Domestic team information
- 1891: Oxford University

Career statistics
| Competition | First-class |
| Matches | 1 |
| Runs scored | 1 |
| Batting average | – |
| 100s/50s | –/– |
| Top score | 1* |
| Balls bowled | 10 |
| Wickets | 0 |
| Bowling average | – |
| 5 wickets in innings | – |
| 10 wickets in match | – |
| Best bowling | – |
| Catches/stumpings | –/– |
- Source: Cricinfo, 31 May 2020

= Ernest Denny =

English cricketer and British Army officer (1872–1949)

Ernest Wriothesley Denny (5 February 1872 – 20 October 1949) was an English first-class cricketer and British Army officer.

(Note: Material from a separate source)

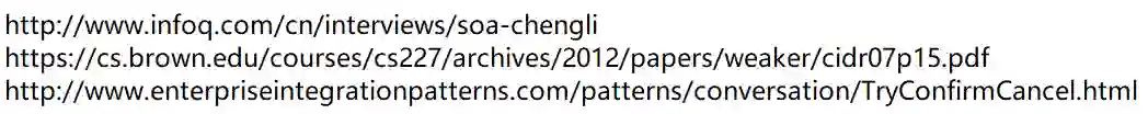 关于TCC(Try-Confirm-Cancel)的概念,最早是由Pat Helland于2007年发表的一篇名为《Life beyond Distributed Transactions:an Apostate’s Opinion》的论文提出。在该论文中,TCC还是以Tentative-Confirmation-Cancellation作为名称;正式以Try-Confirm-Cancel作为名称的,可能是Atomikos(Gregor Hohpe所著书籍《Enterprise Integration Patterns》中收录了关于TCC的介绍,提到了Atomikos的Try-Confirm-Cancel,并认为二者是相似的概念)。

The son of T. A. Denny, he was born at Paddington in February 1872. He was educated at Wellington College, before going up to New College, Oxford. While studying at Oxford, he made a single appearance in first-class cricket for Oxford University against the Marylebone Cricket Club at Oxford in 1891. Batting twice in the match, Denny was unbeaten without scoring in the Oxford first innings, while in their second innings he was unbeaten having scored a single run. He also bowled two wicketless overs with his right-arm fast-medium bowling.

After graduating from Oxford, Denny attended the Royal Military College, Sandhurst in 1891. He graduated as a second lieutenant in the East Surrey Regiment in January 1892, before transferring to the Middlesex Regiment in March. He was promoted to lieutenant in June 1896 and later served during the Second Boer War with the 13th Hussars, during which he was promoted to captain in October 1901. He was promoted to major in October 1906, before retiring from active service in July 1910. Denny returned to active service during the First World War, during which he was awarded the Distinguished Service Order for conspicuous gallantry and devotion to duty in September 1918. Denny later served as a deputy lieutenant for Norfolk in 1936. He died in October 1949 at Garboldisham, Norfolk.